Will students continue to learn in classrooms? DSU’s graduate program already has at least as many off-campus students as on-campus. (In one class I took, off-campus outnumbered on-campus 2:1.) My wife is pursuing ordination as a pastor through an online seminary program that meets on the Luther campus for just two two-week sessions each year. Online resources will expand opportunities for students, especially adult students, to get training and certifications without interrupting their work and family life.

People still want to get together. Teachers and students generally feel they can communicate most effectively in person. But as Internet tools advance in capability and ubiquity and as we get better at using them, we will find ways to “make the channel richer” — i.e., to convey more of the social cues, the emotion, the body language, the signals that human interaction more informative and satisfying. As that channel gets richer, learning online will feel less isolating, and more students and teachers will find it a suitable substitute for traditional classroom learning.

Will students still use print-based libraries? Do they now? I’d love to do a survey of DSU students to see how many have actually picked up a book in the Mundt Library.

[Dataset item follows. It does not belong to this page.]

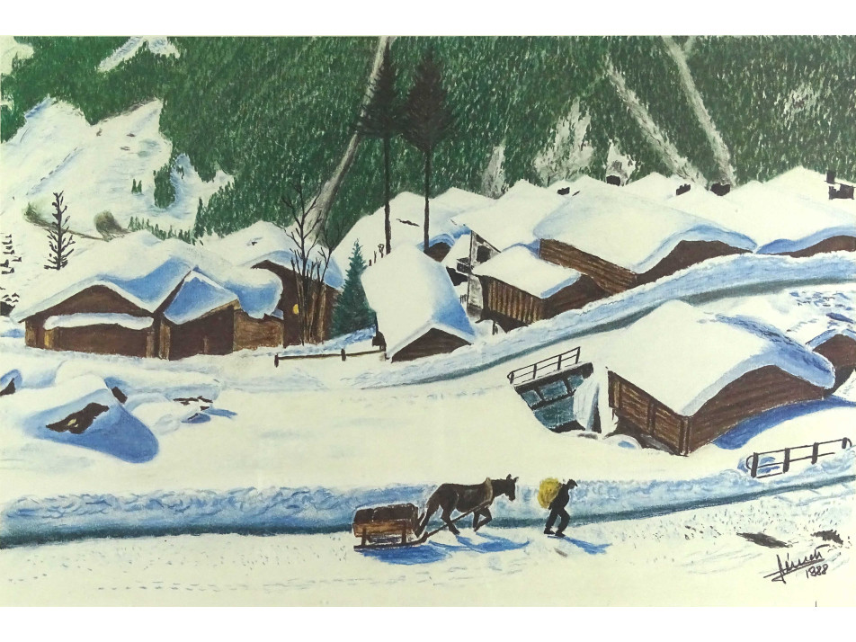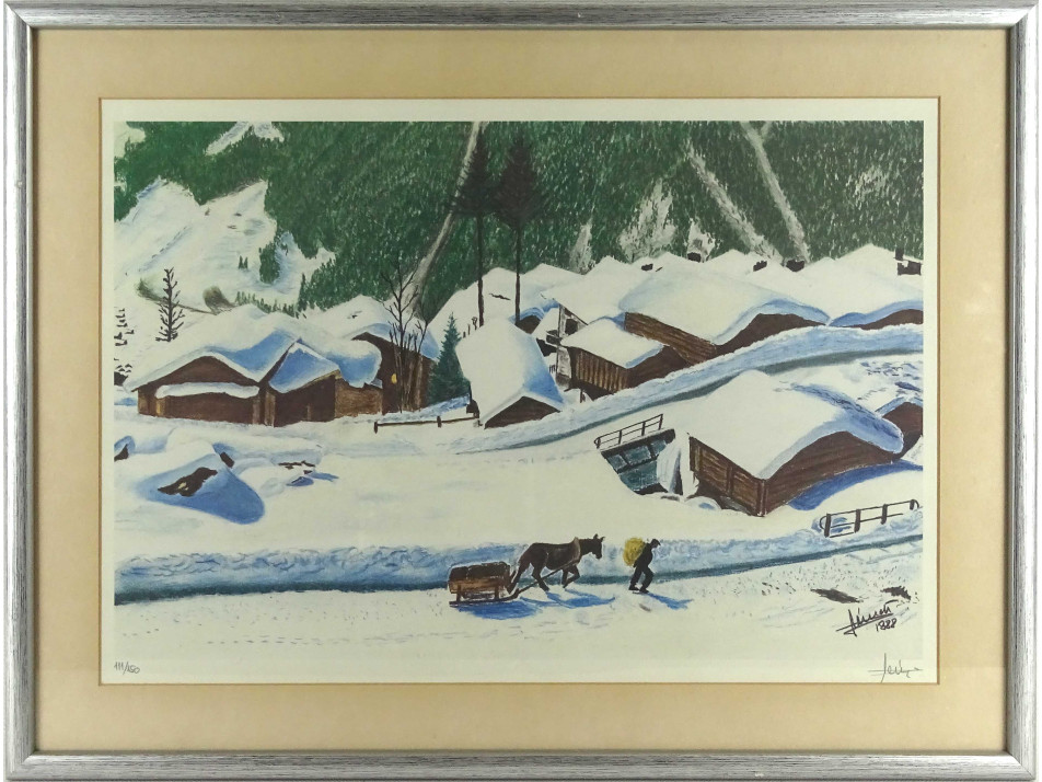 Falu télen - színes grafika, jelzett fotó nyomat

I hope print materials will stick around. I find a profound difference in how I read online and how I read when I’m holding a book. I can feel it even with my netbook. I can rotate my display and hold my computer sideways to read a full page (especially a PDF) in portrait format. In that format, I hold the computer like a book. My fingers are out of typing position. I can’t suddenly punch in a URL or click as conveniently to check my other e-mail or RSS reader. I’m more likely to sit and read that single document longer. Holding the computer like a book feels more contemplative, more patient, more… right.

But then I cut my teeth on the paper library. Kids growing up with Kindles may not feel the same comfort and tranquility I feel interacting with old paper books.

Just remember: books boot instantly.

Will they learn to read and write on the basis of traditional rules of grammar, the building blocks of writing as a potential artform, or merely at a level sufficient for texting and search-engine utilization? Here I don’t anticipate a major change. We’ve been teaching the traditional rules of grammar and writing as artform for generations, but even pre-Internet, how many could compose a truly artful and effective business letter? The Internet, with so many convenient venues for self-publication, may reveal more writers who can produce essays and other literature worthy of public attention. It will also capture a great deal more of the informal chats and semi-literate rantings about work and sports and TV and sex and everything else that makes up the bulk of everyday communication. I doubt online tools will decrease our language skills; they’ll just record a lot more of our generally sloppy language skills in e-print (much to the joy of linguists everywhere).

Will reading even be necessary when (and if) we reach that brave new world of direct “brain-to-brain communication”? – the “mind meld” some fear and others eagerly await. Numerous cultures, like our Lakota neighbors, transmitted knowledge from generation to generation without ever developing reading on their own. Even in our text-heavy culture, we learn all sorts of tacit knowledge by experience and practice. Reading is certainly necessary, but it is far from sufficient for mastery in most fields.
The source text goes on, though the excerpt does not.